• Task details:
Please copy only the material from the line that has "Finex Pink Unicorns" to the very last line, both ends included, exactly as written and without pictures.

• Data supplied:
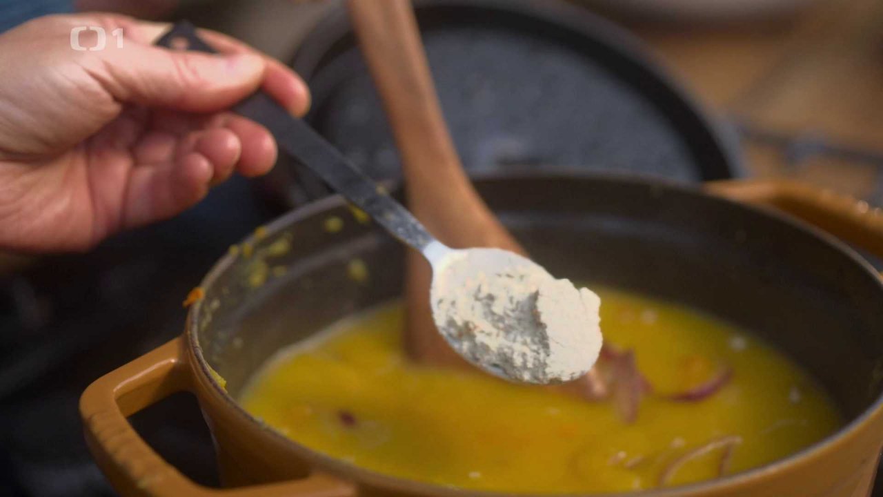 Dýni pokrájejte na kusy a upečte v troubě do měkka. Na másle zpěňte cibuli a vhoďte do ní dýni. Zarestujte, zalijte vodou nebo vývarem a nechte rozvařit. Osolte, opepřete a polévku zjemněte smetanou, může být i rostlinná.
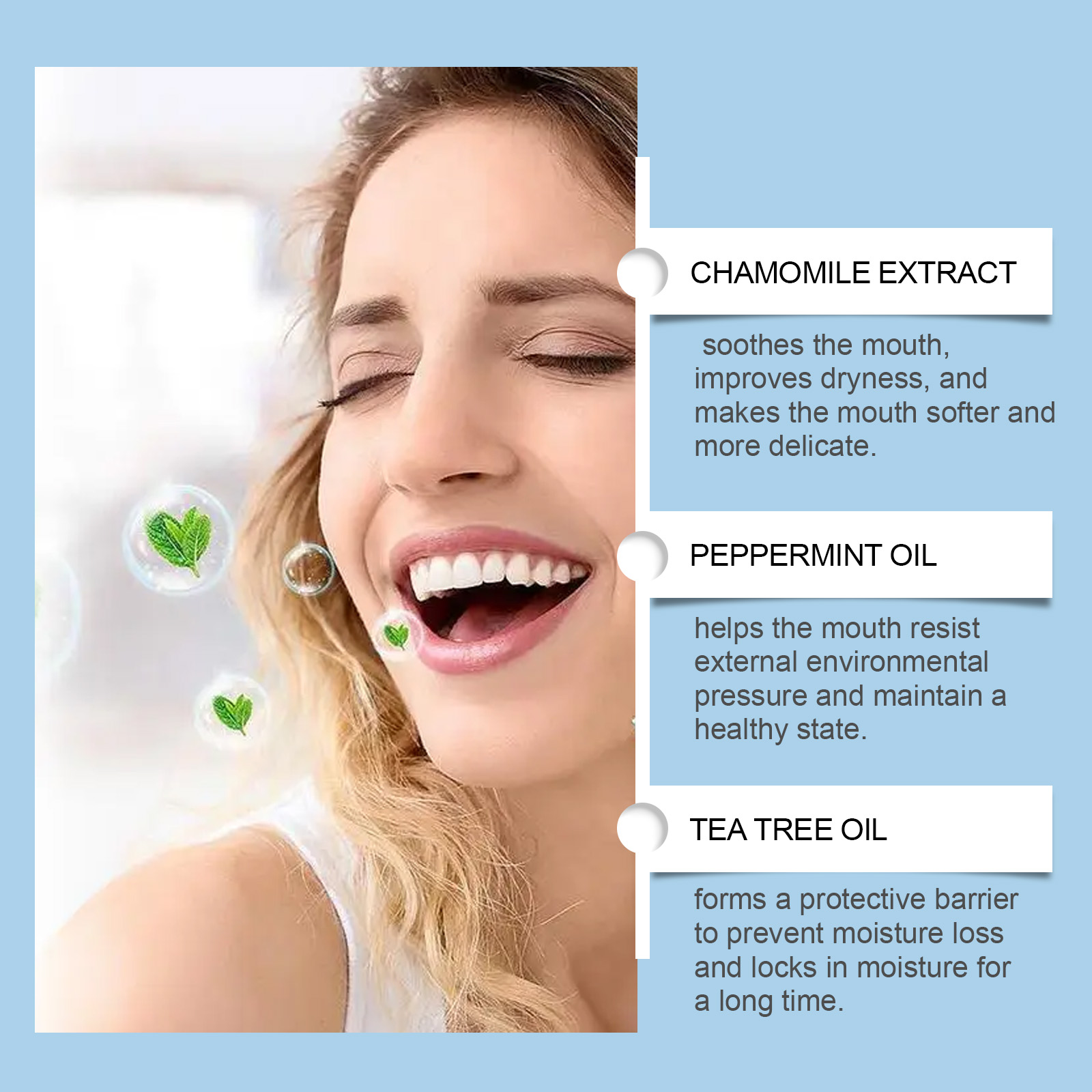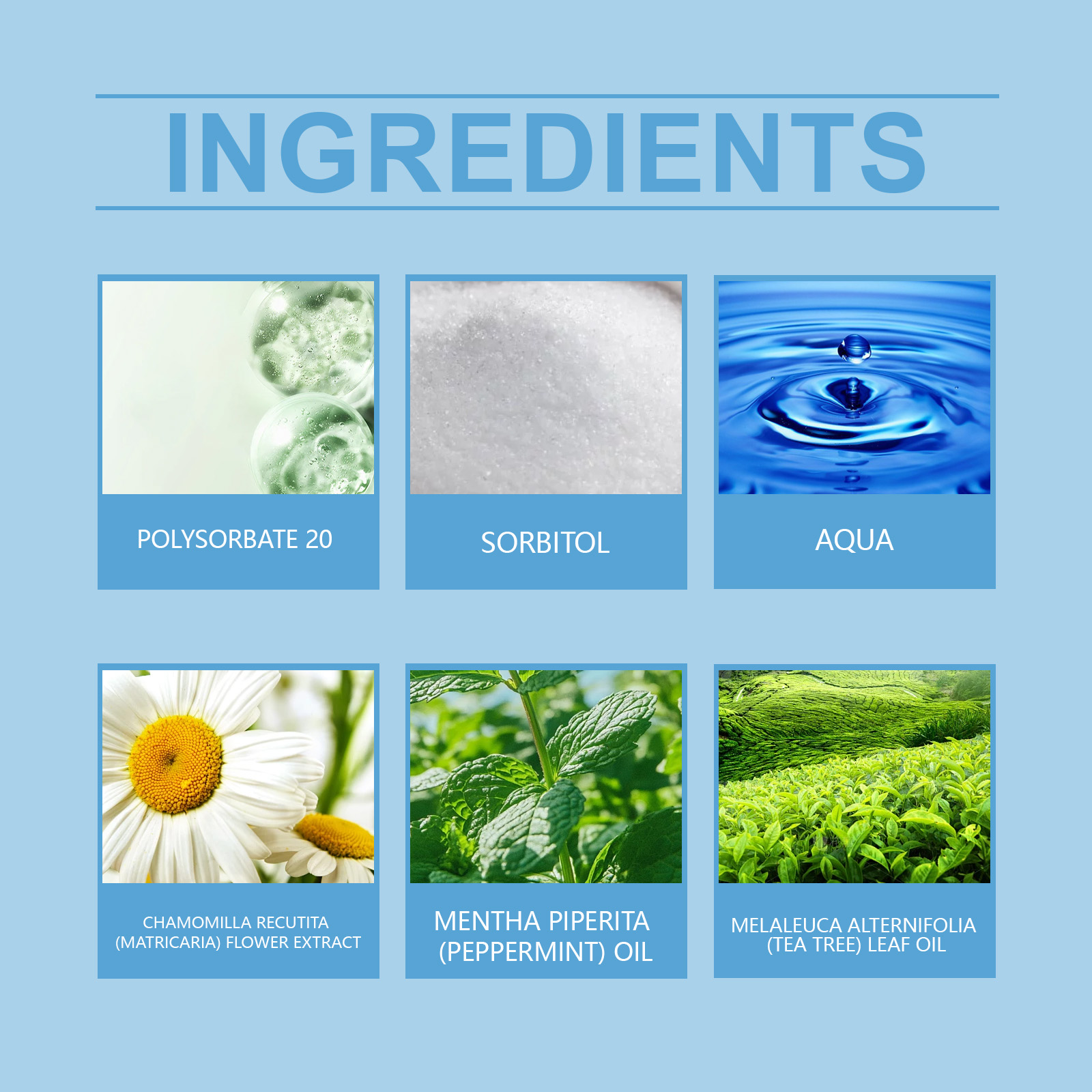 | 成分 | 洋甘菊提取物、薄荷油、茶树油 |
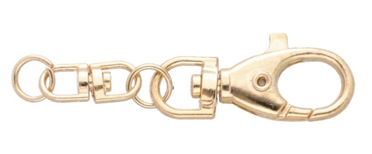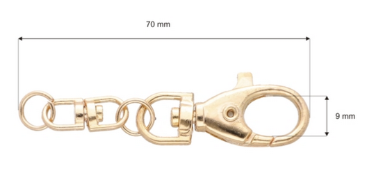 Metalowa zawieszka do breloka z karabińczykiem w kolorze złota umożliwia przymocowanie dekoracyjnych przywieszek przy torebkach, plecakach lub przy smyczach reklamowych. Ich klasyczny wygląd sprawdzi się zarówno przy bogato zdobionych charmsach i kolorowych, futrzanych pomponach, jak i subtelnych brelokach ze skaju.
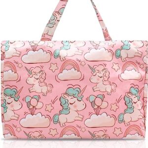 Finex Pink Unicorns and Rainbow Waterproof PVC Rectangular Hand Carry Diaper Bag Tote with Multiple Dividers Open Pockets Handles Zipper Closure
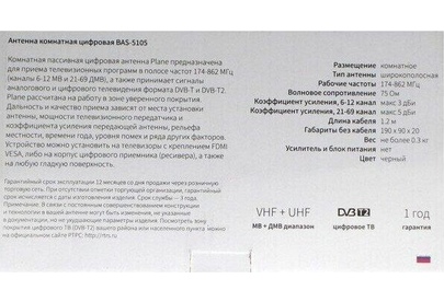 Антенна комнатная цифровая PF-TV3214 «PLANE» предназначена для приема телевизионных программ в полосе частот 174..862 МГц, а также принимает сигналы аналогового и цифрового телевидения формата DVB-T и DVB-T2. Обеспечивает прием сигналов телевидения в зоне уверенного приема Устанавливается на телевизоры с креплением FDMI VESA, корпус цифрового приемника (ресивера), на окно или любую подходящую поверхность с помощью специального адгезивного слоя

• Problem solution:
 Finex Pink Unicorns and Rainbow Waterproof PVC Rectangular Hand Carry Diaper Bag Tote with Multiple Dividers Open Pockets Handles Zipper Closure
 Антенна комнатная цифровая PF-TV3214 «PLANE» предназначена для приема телевизионных программ в полосе частот 174..862 МГц, а также принимает сигналы аналогового и цифрового телевидения формата DVB-T и DVB-T2. Обеспечивает прием сигналов телевидения в зоне уверенного приема Устанавливается на телевизоры с креплением FDMI VESA, корпус цифрового приемника (ресивера), на окно или любую подходящую поверхность с помощью специального адгезивного слоя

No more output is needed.